Experiment Tracking¶

Why Track Experiments?¶

When developing machine learning models, data scientists typically experiment with many different approaches:

Simple baselines to establish performance benchmarks
Different algorithms (linear models, tree-based models, neural networks)
Hyperparameter variations across hundreds of trials
Feature engineering strategies
Ensemble methods combining multiple models

Without proper tracking, it becomes impossible to:

Remember which hyperparameters produced the best results
Compare model performance across experiments
Reproduce previous results
Share findings with team members
Understand what you've already tried

This is where MLflow experiment tracking becomes essential.

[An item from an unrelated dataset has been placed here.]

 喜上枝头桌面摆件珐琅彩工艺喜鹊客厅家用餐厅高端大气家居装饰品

Experimentation Workflow in This Project¶

This project demonstrates a realistic data science workflow from simple to advanced models:

graph TD
    A[Notebook 03: Baseline Models] --> B[MLflow: Log Naive Baseline]
    A --> C[MLflow: Log Simple LightGBM]
    A --> D[MLflow: Log Simple XGBoost]

    E[Notebook 04: Hyperparameter Tuning] --> F[MLflow: 100+ LightGBM Trials]
    E --> G[MLflow: 100+ XGBoost Trials]
    E --> H[MLflow: 100+ CatBoost Trials]
    E --> I[MLflow: Ensemble Experiments]

    F --> J[Identify Best Hyperparameters]
    G --> J
    H --> J
    I --> J

    J --> K[Notebook 05: Final Model]
    K --> L[MLflow: Register Final Model]
    K --> M[Save: config/best_hyperparameters.json]

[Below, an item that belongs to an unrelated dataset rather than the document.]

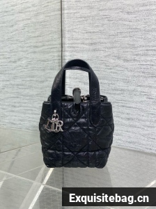 Dior Toujours Vertical Nano Tote Bag Macrocannage Calfskin S6100 black & Silver

    L --> N[MLflow Model Registry]

    style A fill:#e1f5ff
    style E fill:#e1f5ff
    style K fill:#e1f5ff
    style J fill:#fff4e6
    style M fill:#e8f5e9
    style N fill:#f3e5f5

Notebook 03: Baseline Models¶

Start with simple models to establish performance benchmarks:

Naive baseline: Last week's sales as prediction
Simple LightGBM: Default hyperparameters with basic features
Simple XGBoost: Default hyperparameters with basic features
Goal: Establish minimum acceptable performance (RMSPE baseline)

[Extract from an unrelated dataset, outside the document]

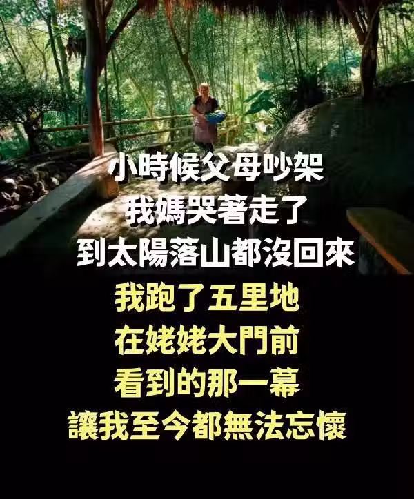 小時候父母吵架,我媽哭著走了,到太陽落山都沒回來,我跑了五里地,在姥姥大門前看到的那一幕,讓我至今都無法忘懷。

MLflow tracks: Model type, basic hyperparameters, cross-validation RMSPE per fold

Notebook 04: Advanced Models & Hyperparameter Tuning¶

Systematically explore advanced models with Optuna hyperparameter optimization:

LightGBM tuning: 100+ trials exploring learning rate, tree depth, regularization
XGBoost tuning: 100+ trials with different boosting strategies
CatBoost tuning: 100+ trials optimizing categorical handling
Ensemble development: Weighted combination of best individual models

MLflow tracks: All Optuna trials, best hyperparameters, ensemble weights, final performance

Output: Identifies best hyperparameters for each model type

Notebook 05: Final Model Training¶

Train the final production model using best hyperparameters discovered in Notebook 04:

Load best hyperparameters: From Optuna optimization results
Train final ensemble: LightGBM, XGBoost, CatBoost with optimal settings
Evaluate on holdout test set: Simulate real-world performance
Register to MLflow: Save final model to Model Registry
Save configuration: Write config/best_hyperparameters.json for production use

MLflow tracks: Final model training run, test set performance, model registration

Output:

Best hyperparameters saved to config/best_hyperparameters.json
Final model registered in MLflow Model Registry

What MLflow Tracks¶

For every experiment run, MLflow automatically logs:

Hyperparameters: Learning rates, tree depths, regularization parameters, ensemble weights
Metrics: RMSPE, RMSE, MAE, MAPE per fold + overall CV scores
Artifacts: Trained model files, configuration files, prediction CSV outputs
Data Versions: DVC commit hashes linking experiments to specific data snapshots
Training Time: Per-model and total training duration
System Info: Python version, library versions, hardware specs
Tags: Experiment type (baseline, tuning, ensemble), model family, notes

Launching MLflow UI¶

After running any of the experimentation notebooks (03, 04, or 05), launch MLflow to explore your experiments:

# Start MLflow server
mlflow ui

# Or use custom port
mlflow ui --port 8080

Open browser to: http://localhost:5000

MLflow UI Runs View

The MLflow UI allows you to:

Compare models side-by-side to see which hyperparameters worked best
Filter runs by metrics (e.g., metrics.cv_rmspe_mean < 0.10)
Sort by performance to find top models instantly
Download artifacts (trained models, predictions) for further analysis
Trace lineage to see which data version was used for each experiment

Tracking in Notebooks¶

All experiments in notebooks/03, notebooks/04, and notebooks/05 use MLflow tracking. Each model training run is wrapped in an MLflow context that automatically logs everything needed to reproduce and compare experiments.

How Tracking Works¶

Every model run follows this pattern:

Start a run with a descriptive name
Log hyperparameters (all model settings)
Train the model with time-series cross-validation
Log performance metrics (RMSPE, RMSE, MAE per fold)
Save artifacts (trained model, predictions, configuration)
Log metadata (data version, tags, notes)

This creates a complete record of each experiment that you can review, compare, and reproduce later.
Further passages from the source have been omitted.